Data:
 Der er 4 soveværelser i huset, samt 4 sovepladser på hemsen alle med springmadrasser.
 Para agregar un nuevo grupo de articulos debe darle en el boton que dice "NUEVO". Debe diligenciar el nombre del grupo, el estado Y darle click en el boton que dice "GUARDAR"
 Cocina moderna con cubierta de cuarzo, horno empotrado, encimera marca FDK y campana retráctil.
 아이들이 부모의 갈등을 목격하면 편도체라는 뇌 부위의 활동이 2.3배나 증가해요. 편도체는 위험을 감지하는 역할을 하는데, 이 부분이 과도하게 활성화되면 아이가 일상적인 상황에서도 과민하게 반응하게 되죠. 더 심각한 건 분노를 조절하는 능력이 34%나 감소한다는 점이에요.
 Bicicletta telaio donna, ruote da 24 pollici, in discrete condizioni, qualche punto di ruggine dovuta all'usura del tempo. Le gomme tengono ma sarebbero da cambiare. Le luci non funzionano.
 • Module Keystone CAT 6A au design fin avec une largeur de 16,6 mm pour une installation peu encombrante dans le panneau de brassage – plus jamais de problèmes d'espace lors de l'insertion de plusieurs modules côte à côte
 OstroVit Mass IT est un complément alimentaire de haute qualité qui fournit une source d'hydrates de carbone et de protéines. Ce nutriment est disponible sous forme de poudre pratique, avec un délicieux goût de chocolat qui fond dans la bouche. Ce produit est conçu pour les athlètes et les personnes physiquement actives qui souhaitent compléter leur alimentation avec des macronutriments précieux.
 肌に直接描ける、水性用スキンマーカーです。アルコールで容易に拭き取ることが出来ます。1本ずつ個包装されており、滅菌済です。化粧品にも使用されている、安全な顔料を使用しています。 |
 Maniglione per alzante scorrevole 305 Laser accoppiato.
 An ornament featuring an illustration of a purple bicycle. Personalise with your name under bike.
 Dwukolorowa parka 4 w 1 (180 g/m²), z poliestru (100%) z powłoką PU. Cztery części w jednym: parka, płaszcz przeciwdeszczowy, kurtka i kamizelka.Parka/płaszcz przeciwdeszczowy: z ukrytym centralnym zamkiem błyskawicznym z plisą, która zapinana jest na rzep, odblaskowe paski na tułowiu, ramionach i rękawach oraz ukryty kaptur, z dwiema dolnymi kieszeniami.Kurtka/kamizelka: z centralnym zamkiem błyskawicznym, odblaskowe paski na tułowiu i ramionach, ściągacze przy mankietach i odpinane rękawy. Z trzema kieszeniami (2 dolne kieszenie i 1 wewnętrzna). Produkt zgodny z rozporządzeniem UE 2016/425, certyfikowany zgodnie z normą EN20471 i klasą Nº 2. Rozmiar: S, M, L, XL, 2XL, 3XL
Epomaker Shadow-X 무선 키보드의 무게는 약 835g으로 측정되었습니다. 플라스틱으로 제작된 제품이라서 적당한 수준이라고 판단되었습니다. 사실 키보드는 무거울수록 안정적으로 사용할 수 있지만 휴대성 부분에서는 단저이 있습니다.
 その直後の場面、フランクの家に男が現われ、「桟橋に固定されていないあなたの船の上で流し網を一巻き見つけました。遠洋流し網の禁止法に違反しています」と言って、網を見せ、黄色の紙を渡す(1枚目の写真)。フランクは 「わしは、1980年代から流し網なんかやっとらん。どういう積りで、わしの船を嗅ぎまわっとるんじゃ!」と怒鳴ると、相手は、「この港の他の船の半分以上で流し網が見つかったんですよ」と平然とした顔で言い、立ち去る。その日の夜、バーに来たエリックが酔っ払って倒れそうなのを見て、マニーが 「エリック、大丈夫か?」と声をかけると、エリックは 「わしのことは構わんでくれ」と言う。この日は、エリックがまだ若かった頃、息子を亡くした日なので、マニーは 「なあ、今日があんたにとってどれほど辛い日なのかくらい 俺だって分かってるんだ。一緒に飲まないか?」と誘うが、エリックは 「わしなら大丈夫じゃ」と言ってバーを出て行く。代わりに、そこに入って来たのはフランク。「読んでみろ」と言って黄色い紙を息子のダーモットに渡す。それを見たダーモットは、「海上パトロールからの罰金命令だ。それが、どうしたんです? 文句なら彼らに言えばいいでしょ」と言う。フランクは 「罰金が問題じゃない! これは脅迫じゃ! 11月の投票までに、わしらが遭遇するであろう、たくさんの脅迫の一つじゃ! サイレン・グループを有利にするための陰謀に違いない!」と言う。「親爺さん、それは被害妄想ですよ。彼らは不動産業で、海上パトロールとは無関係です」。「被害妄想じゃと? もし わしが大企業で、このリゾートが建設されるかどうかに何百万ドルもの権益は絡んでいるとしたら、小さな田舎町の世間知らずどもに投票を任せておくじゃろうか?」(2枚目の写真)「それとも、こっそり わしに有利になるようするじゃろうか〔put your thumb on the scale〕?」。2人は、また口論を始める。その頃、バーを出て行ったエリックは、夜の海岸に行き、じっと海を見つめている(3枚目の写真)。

Exercise details: Return, from the entries, each line that holds "your".

Written solution:
 An ornament featuring an illustration of a purple bicycle. Personalise with your name under bike.
 その直後の場面、フランクの家に男が現われ、「桟橋に固定されていないあなたの船の上で流し網を一巻き見つけました。遠洋流し網の禁止法に違反しています」と言って、網を見せ、黄色の紙を渡す(1枚目の写真)。フランクは 「わしは、1980年代から流し網なんかやっとらん。どういう積りで、わしの船を嗅ぎまわっとるんじゃ!」と怒鳴ると、相手は、「この港の他の船の半分以上で流し網が見つかったんですよ」と平然とした顔で言い、立ち去る。その日の夜、バーに来たエリックが酔っ払って倒れそうなのを見て、マニーが 「エリック、大丈夫か?」と声をかけると、エリックは 「わしのことは構わんでくれ」と言う。この日は、エリックがまだ若かった頃、息子を亡くした日なので、マニーは 「なあ、今日があんたにとってどれほど辛い日なのかくらい 俺だって分かってるんだ。一緒に飲まないか?」と誘うが、エリックは 「わしなら大丈夫じゃ」と言ってバーを出て行く。代わりに、そこに入って来たのはフランク。「読んでみろ」と言って黄色い紙を息子のダーモットに渡す。それを見たダーモットは、「海上パトロールからの罰金命令だ。それが、どうしたんです? 文句なら彼らに言えばいいでしょ」と言う。フランクは 「罰金が問題じゃない! これは脅迫じゃ! 11月の投票までに、わしらが遭遇するであろう、たくさんの脅迫の一つじゃ! サイレン・グループを有利にするための陰謀に違いない!」と言う。「親爺さん、それは被害妄想ですよ。彼らは不動産業で、海上パトロールとは無関係です」。「被害妄想じゃと? もし わしが大企業で、このリゾートが建設されるかどうかに何百万ドルもの権益は絡んでいるとしたら、小さな田舎町の世間知らずどもに投票を任せておくじゃろうか?」(2枚目の写真)「それとも、こっそり わしに有利になるようするじゃろうか〔put your thumb on the scale〕?」。2人は、また口論を始める。その頃、バーを出て行ったエリックは、夜の海岸に行き、じっと海を見つめている(3枚目の写真)。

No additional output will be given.